🤖 AI Summary
This study investigates how the widespread adoption of large language models (LLMs) in academic writing since 2022 has reshaped the structure of scholarly output. Leveraging the interdisciplinary scope and uniform peer-review standards of PLOS ONE, the analysis draws on a corpus of 109,393 articles published between 2019 and 2025, employing bibliometric analysis, group comparisons, and regression discontinuity design. The findings reveal, for the first time in large-scale real-world publication data, that non-native English-speaking authors exhibit significantly increased manuscript lengths, reduced team sizes, and decreased collaboration with native English-speaking researchers following LLM adoption, while the latter group shows no such changes.
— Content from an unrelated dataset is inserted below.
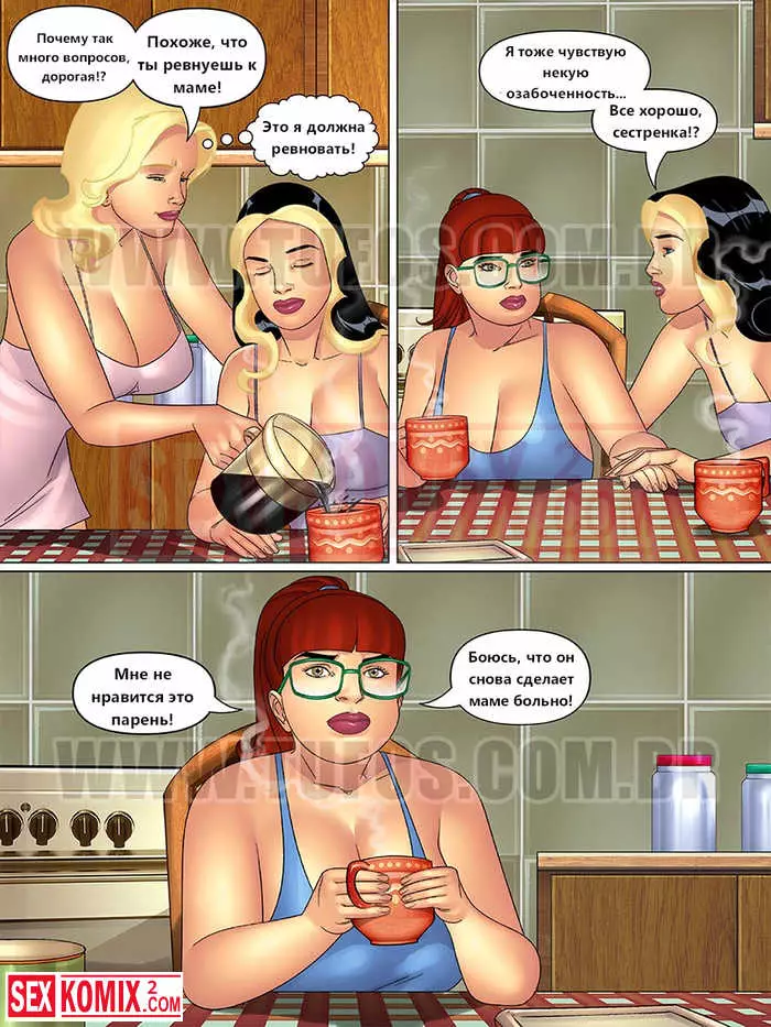 Порно комикс Тетя, кузины и племянник. Часть 8. Альфа самец дома. Парень жил с тремя красотками и трахал их по очереди, но домой вернулся альфа самец и все красотки переключили свое внимание на него.

These results indicate that AI tools are structurally transforming the academic writing ecosystem and the dynamics of international research collaboration.
📝 Abstract
Large language models (LLMs) have diffused rapidly into academic writing since late 2022. Using the complete population of 109,393 research articles published in \textit{PLOS ONE} between 2019 and 2025, we examine population-level structural publication indicators, including full-text manuscript length, authorship team size, reference volume, and cross-linguistic collaboration, before and after 2022. \textit{PLOS ONE}'s multidisciplinary scope and consistent editorial framework allow cross-field comparison under uniform conditions over an extended period. Manuscript length increased substantially, with gains ranging from 14.8\% among African-affiliated authors and 11.7\% among Asian-affiliated authors to 5.3\% among native English-speaking (NES) authors, cutting the word-count gap by 39\%. More strikingly, non-native English-speaking (NNES) authors reduced both authorship team size, from 6.54 to 6.06 authors, or 7.3\%, and collaboration with NES co-authors, from 17.8\% to 12.2\%, or 36\%, while NES authors remained stable in both team size and collaboration rates. Reference counts increased modestly and uniformly across groups. These findings suggest that post-2022 tools may be reshaping not only how science is written, but who writes it together.